Por ejemplo, en Descentraland, el primer mundo virtual completamente descentralizado, dispone de un Organismo Autónomo Descentralizado (DAO) para entregar el control a las personas que crean y juegan en este espacio virtual. Cualquier jugador puede decidir cómo se comporta este mundo: desde qué artículos se permiten, la moderación del contenido, la política, subastas….

El Axie Infinity, un universo inspirado en Pokémon donde cualquiera puede ganar tokens a través del juego y contribuciones al ecosistema, también introduce un mecanismo de organización descentralizado, en el que los titulares de Axie Infinity Shards (AXS) pueden apostar sus tokens a través de un panel de control y participe en los votos de gobierno.

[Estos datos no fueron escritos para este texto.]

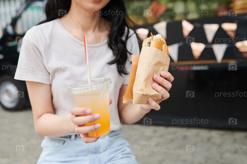 Обрезанный снимок молодой женщины в футболке, держащей хот-дог и апельсиновый сок

La otra cara de la moneda es la brecha tecnológica. El acceso al metaverso requiere una cierta inversión que, de momento, digamos no es muy “democrática”.
Salud
Otro tema que preocupa es la salud mental y, claro, la felicidad. Un mundo virtual podría contribuir a aumentar la depresión, aislamiento… El ser humano no está hecho para vivir en la tecnología y los posibles efectos neuronales y psicológicos no deben ser subestimados. La salud física tampoco debe ser subestimada, ya que el aislamiento que produce esta «inmersión» puede generar también daños físicos.

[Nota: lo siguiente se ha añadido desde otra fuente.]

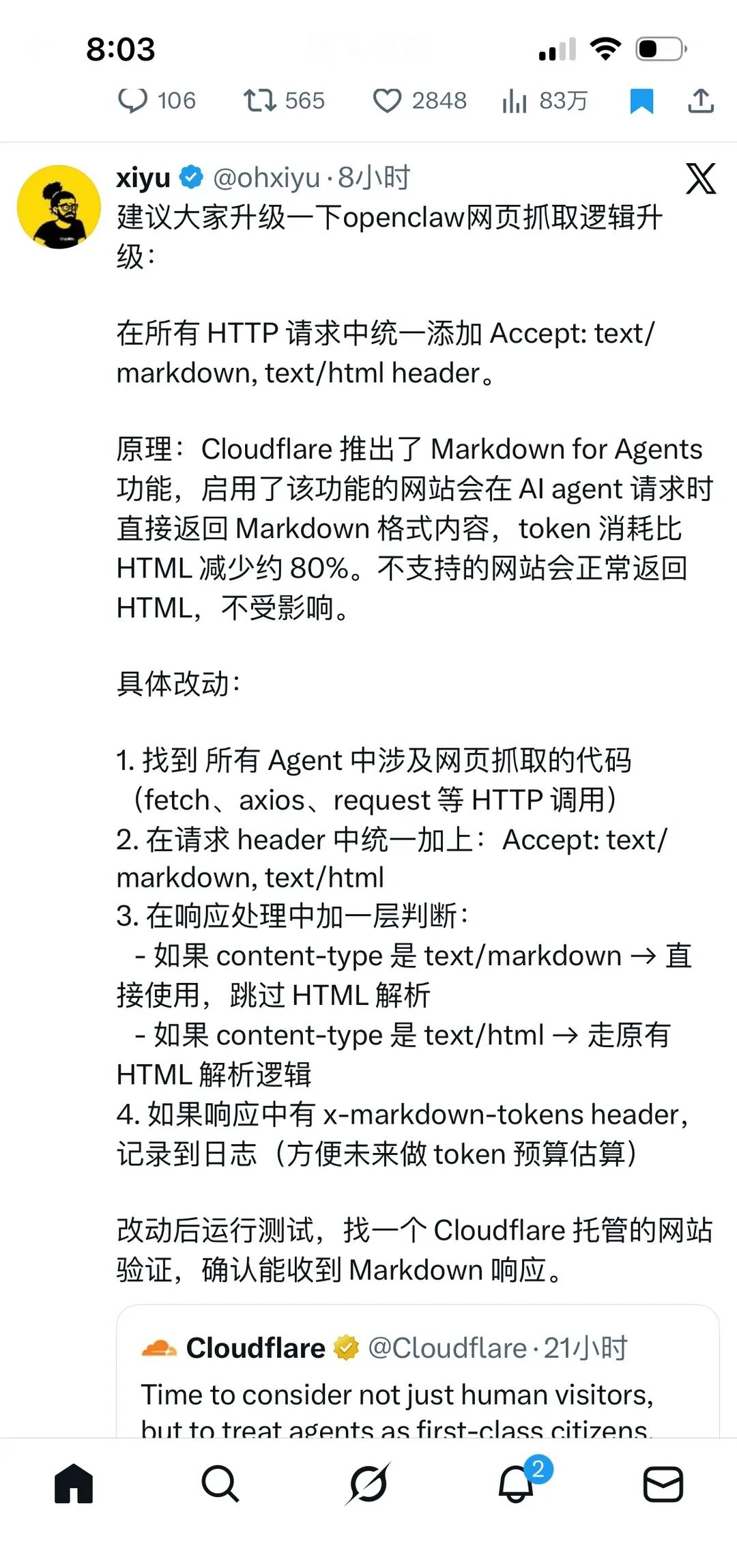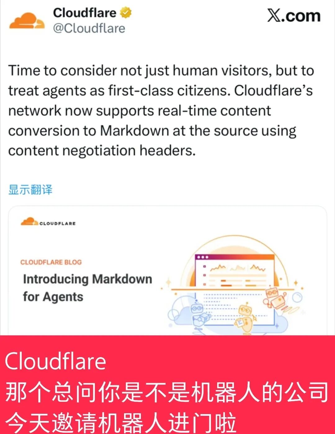 一、全球最大的网络基础设施服务商 Cloudflare 官宣:Markdown for Agents。

🤔 El metaverso da mucho que pensar:
¿Será un universo más inclusivo, comprometido con la forma descentralizada de construirlo, o potenciará la desigualdad y dará a las grandes empresas el poder de controlarnos? ¿Seremos capaces de consumirlo de forma «saludable» o potenciará la parte mala de la tecnología?
Al final, como cualquier herramienta, dependerá de las personas que estemos usándola… Por eso, la humanidad y los valores se vuelven cada vez más esenciales.